The water cycle: Water is essential to life. None of us can live without it for more than a few days. The water cycle distributes fresh, clean water around the planet.
It involves three stages.
(1) Solar power lifts water into the atmosphere by evaporation.
(2) Condensation of this purified water produces clouds.
(3) Clouds, in turn, form rain, hail, sleet, or snow, which falls to the ground, ready to evaporate again, thus completing the cycle. How much water is recycled annually? According to estimates, enough to cover the earth’s surface uniformly to a depth of more than two and a half feet (80 cm).
The carbon and oxygen cycles: As you know, in order to live you need to breathe, to take in oxygen and give out carbon dioxide. But with countless billions of humans and animals doing the same thing, why does our atmosphere never run out of oxygen and become overloaded with carbon dioxide? The answer lies in the oxygen cycle.
(1) In an amazing process called photosynthesis, plants take in the carbon dioxide that we exhale, using it and the energy from sunlight to produce carbohydrates and oxygen.
(2) When we take in oxygen, we complete that cycle. All this production of vegetation and breathable air happens cleanly, efficiently, and quietly.
The nitrogen cycle: Life on earth also depends on the production of such organic molecules as proteins.

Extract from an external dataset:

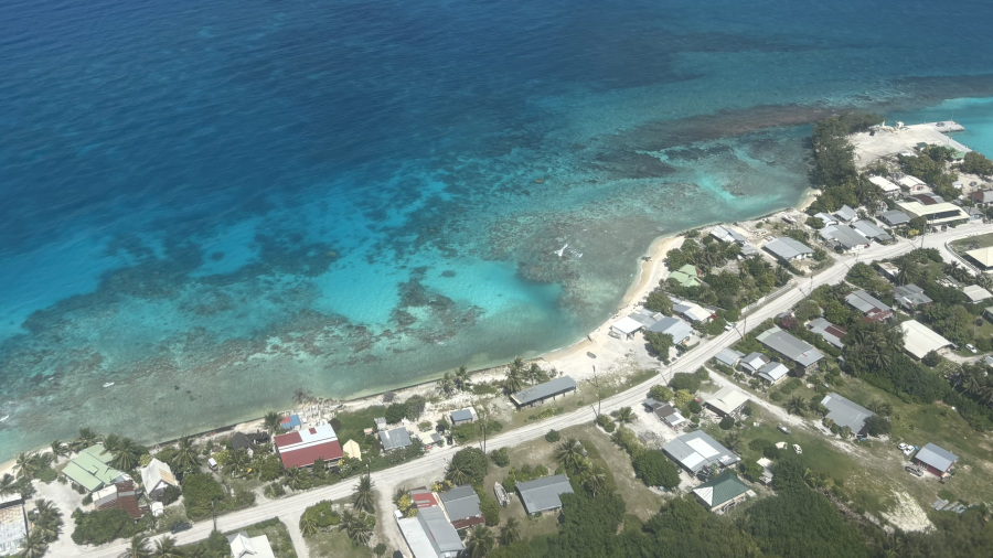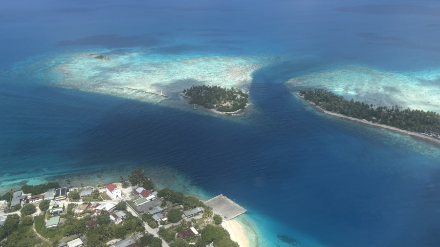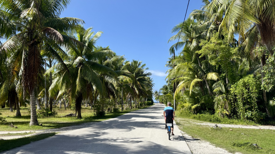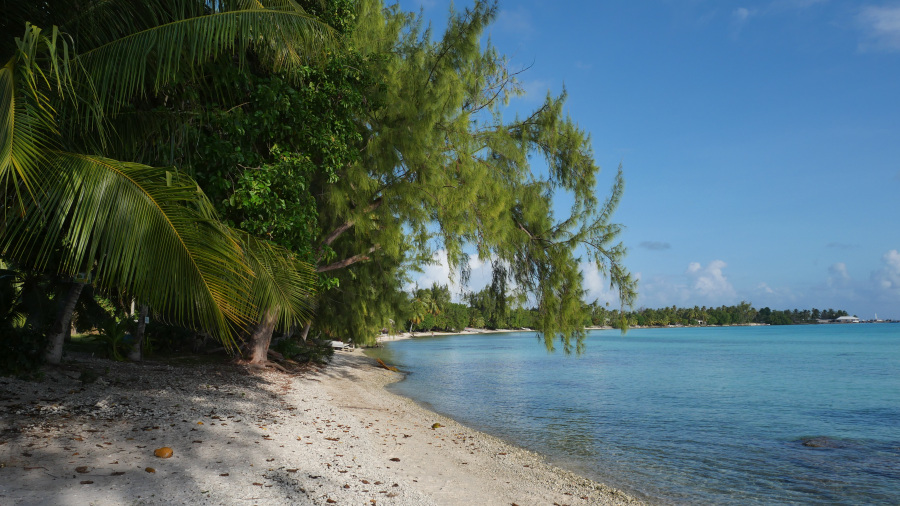 Iz zraka se je takoj videla drugačnost otoka in predvsem, da gre za zelo ozek pas kopnega. Tukaj ni vulkana, gore, špičke, ampak samo ogromen atol s palmami. Ravnina in palme, mivka in koralni greben. Nekaj minimalistični hiš, tu in tam kakšna trgovina. Res čisto drugače in zelo posebno.

(A) To produce those molecules, nitrogen is needed. Happily, that gas makes up about 78 percent of our atmosphere. Lightning converts nitrogen into compounds that plants can absorb.
(B) Then plants incorporate those compounds into organic molecules. Animals that eat those plants thus also acquire nitrogen.
(C) Finally, when plants and animals die, the nitrogen compounds in them are broken down by bacteria. That process of decay releases nitrogen back into the soil and atmosphere, completing the cycle.